# Why are my chicks doing this



## 2rain (Jun 2, 2013)

My chicks are always sleeping alot is it to hot? Or do they just do that just got my chicks


----------



## Bee (Jun 20, 2013)

Could be due to it being too hot. How old are they, how long have you had them and can you give us a pic of the brooder setup? 

Do they look like they are trying to avoid being under the source of heat? Try moving your heat lamp upwards or expand your brooder so that they can get away from the source of heat if they want to. 

If you leave it too hot, they may start to develop diarrhea or what folks call pasty butts, so keep a watch on that. If they paste over at the vent, no more poop can come out and it can kill a chick.


----------



## 2rain (Jun 2, 2013)

This was takes yesterday today they seem to be spreading out more its just box with chicken wire and a heat lamp and shavings I think it's about 100 degrees maybe a little I over under the lamp and there inside


----------



## Bee (Jun 20, 2013)

Yep...wayyyyy too hot.
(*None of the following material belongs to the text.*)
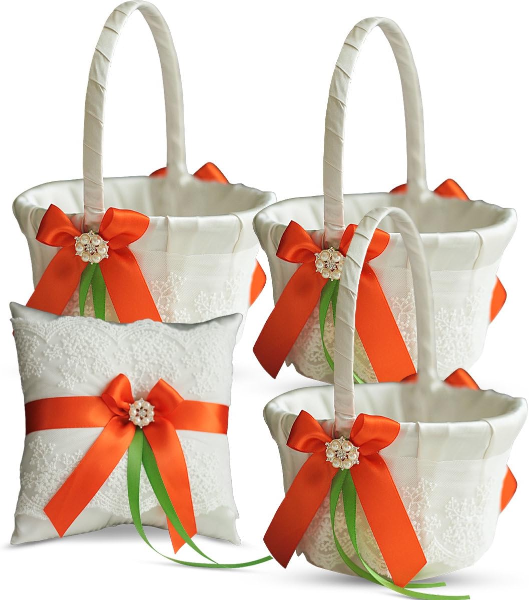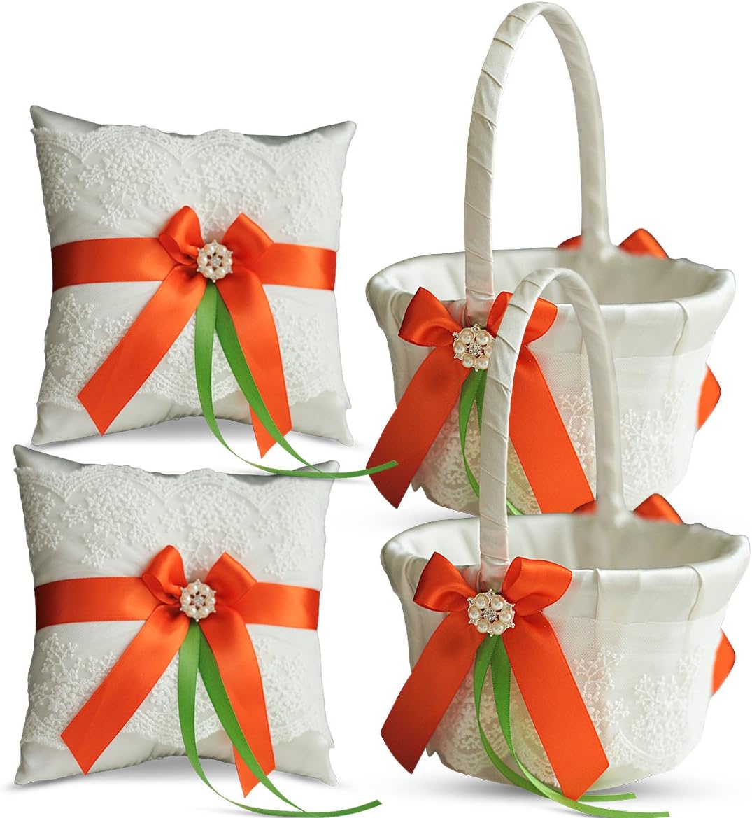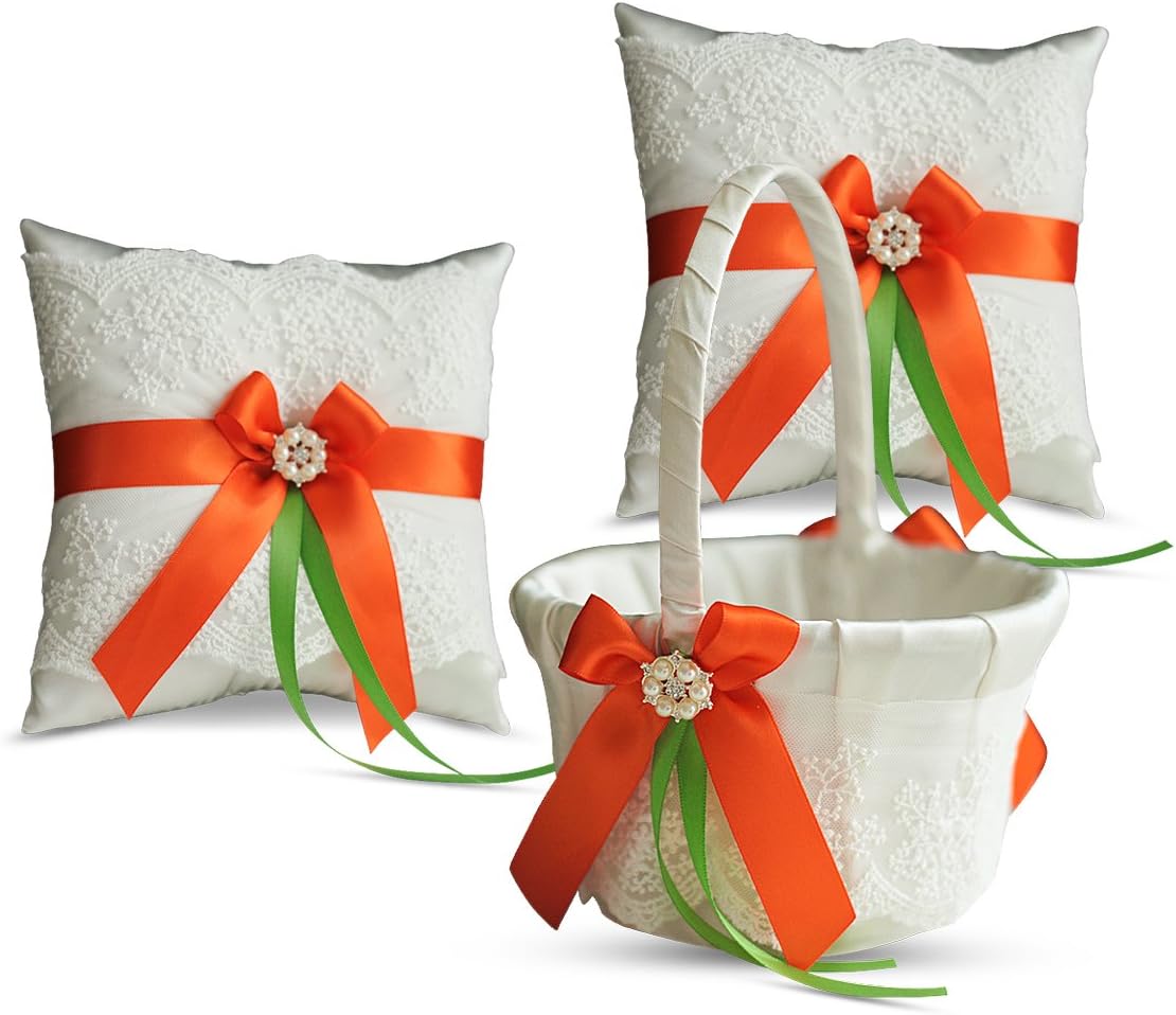 Ivory Ring Bearer Pillow and Basket Set | Lace Collection | Flower Girl & Welcome Basket for Guest | Handmade Wedding Baskets & Pillows (Orange Lime)

I'd move that heat lamp way back until you have a warmth of around 85~88 and see how they react to that. The books all say 95 but most old timers will tell you that it is way too hot a temp. 

If they are too cold you will see them huddling and struggling to get in the middle of the pile to stay warm or they will be "complaining" a lot...peeping way more than usual and can't seem to lie down and get comfy. 

Too hot and they sleep a lot and try to get away from the source of the heat...your chicks can't because their brooder is a tad too small to use with a heat lamp. When using a small brooder, you can use a regular light bulb for heat and it will be sufficient.


----------



## 2rain (Jun 2, 2013)

Oh and two days old


----------



## 2rain (Jun 2, 2013)

Bee said:


> Yep...wayyyyy too hot. I'd move that heat lamp way back until you have a warmth of around 85~88 and see how they react to that. The books all say 95 but most old timers will tell you that it is way too hot a temp.
> 
> If they are too cold you will see them huddling and struggling to get in the middle of the pile to stay warm or they will be "complaining" a lot...peeping way more than usual and can't seem to lie down and get comfy.
> 
> Too hot and they sleep a lot and try to get away from the source of the heat...your chicks can't because their brooder is a tad too small to use with a heat lamp. When using a small brooder, you can use a regular light bulb for heat and it will be sufficient.


Ohhh ok thanks hope I haven't done any damage 0.0


----------



## Bee (Jun 20, 2013)

Nah...chicks are pretty resilient and tolerate a lot of our mistakes.


----------



## 2rain (Jun 2, 2013)

Bee said:


> Nah...chicks are pretty resilient and tolerate a lot of our mistakes.


Thanks so much!


----------



## piglett (Jun 21, 2012)

you just have the two?
if you had a few more they would be able to help keep each other warm

good luck
piglett


----------